For a while I have to admit I was ready to give up chicken farming. ( If you can call raising two hens with princess names "farming", which I don't think you can. ) After the masked bandit massacre of the first "Sarah" and "Kate" we were on hyper alert for vermin in the back yard.  If you choose to stay indoors after dark in the city you will remain blissfully unaware of what lurks in the night outside your door. But that was not us.  No, we kept all the garage, porch, and balcony lights on and slept with one eye open after the brutal demise of our biddies. Our bedroom has a screen door that opens onto a balcony overlooking the back yard and on this balcony Ed and the kids had arranged an arsenal of raccoon weaponry.  Rocks, water balloons, bricks, a stuffed animal that looked pretty convincing as a fat alpha raccoon daddy.  The neighbour actually gave us his slingshot and asked to be woken up if we heard anything and there were several over-the-fence conversations about how ludicrous it is to read front page headlines about people who take city-rodent population issues into their own hands. 

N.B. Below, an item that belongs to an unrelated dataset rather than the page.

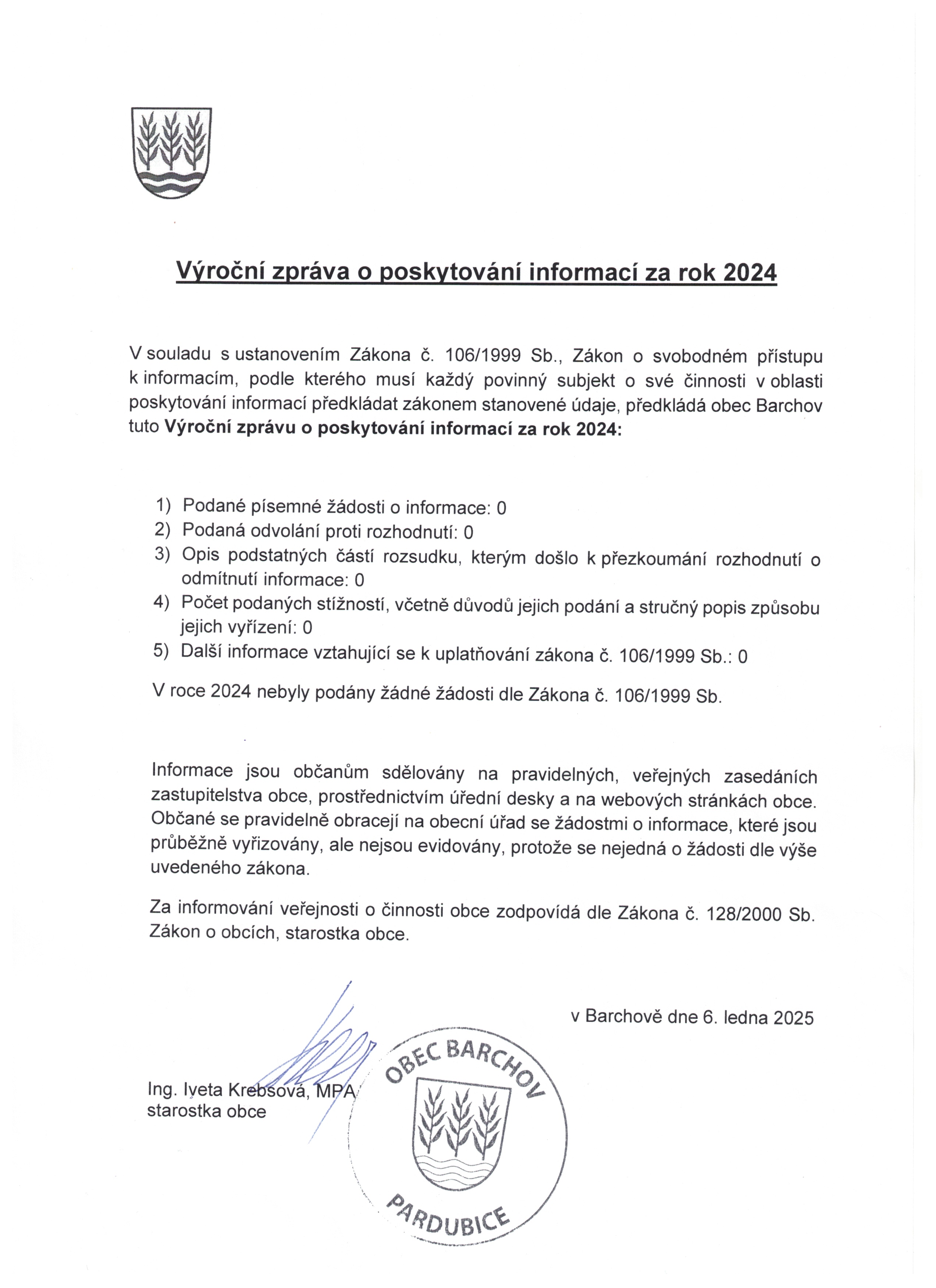 Výroční zpráva obsahuje další informace vztahující se k uplatňování zákona o svobodném přístupu k informacím

      The buggers came snarling, a whole family of them, on the first night.  We aimed, fired, and missed, full of adrenaline and a sense of vigilante justice, but not of skill in marksmanship.   We would improve as each night passed we resolved, but soon we got a little tired of spending our days bleary-eyed because we had spent too much time whipping rocks into the dark at 3 and 4 in the morning.    One night while doing "the sweep" with the flashlight off the porch, Ed and the kids saw 4 raccoons, an unidentified slithery mammal (a possum?, a weasel?) and caught a strong whiff of skunk, all within an hour.  We began just muttering "shut up" out the open window from the comfort of our beds.  We were outnumbered.  Sure, there was talk about live traps,  leg-hold traps, antifreeze, and shotguns.  But these were mostly suggestions from my dad who has never lived in the city and tells stories about his grandmother who hypnotized chickens and performed gizzard surgeries out back of the barn.  We city people don't know how to handle things ourselves. 
    We reinforced the chicken wire with $80 worth of heavier guage stuff and the lost chickens were replaced with new hens which our son, very economically, christened with the same names as their predecessors.  The new "Sarah and Kate"  had to bear many scathing comparisons to the old pair and sadly came up short in egg laying, plumpness and personality.  This, we later learned was probably due to the fact that they were not quite "ready to lay" as our order to the chicken store had requested.  It took them two weeks to begin popping out treasures for the kids to steal and once they did, they were instantly better liked and thought to be rather smart after all. 
    That was 2 months ago.  We've stopped even thinking about critters in the night.  I suspect they were always around and it wasn't the fault of the backyard poultry that now we were more aware of them.  If the chickens are locked up tight they can go about their nasty business and we don't care.
     Except today at 3:00 in the afternoon the kids were outside and had let the chickens out to roam (and decimate the swiss chard patch).  I was called out to help put the chickens back in their pen when my oldest boy yelled "MOM, LOOK!"  and pointed to the corner of the yard where a fat raccoon was sauntering along the hedge.  Like a true hero, born of desperate times,  I sprang into action to protect child and beast from the menace trespassing our land.  I seized a nearby (dollar store) lacrosse stick and leapt into battle, screaming like a girl.  The insouciant beast neither flinched nor quickened its casual gait.  It looked at me a second and over the pounding of my heart I may have heard it mutter " Put the toy stick down , Idiot"  and then it was over the fence on its way to nowhere in particular.  But I shudder to think what may have befallen our ladies if it weren't for the quick thinking and valour of Crazy Lady this day. 
    And that's why I'm glad we still have the chickens even if they may attract vermin.  Never underestimate how much fun it is to chase vermin. 

1 comment:

  1. Oh, you kill me Alicia! Thanks for the good laughs!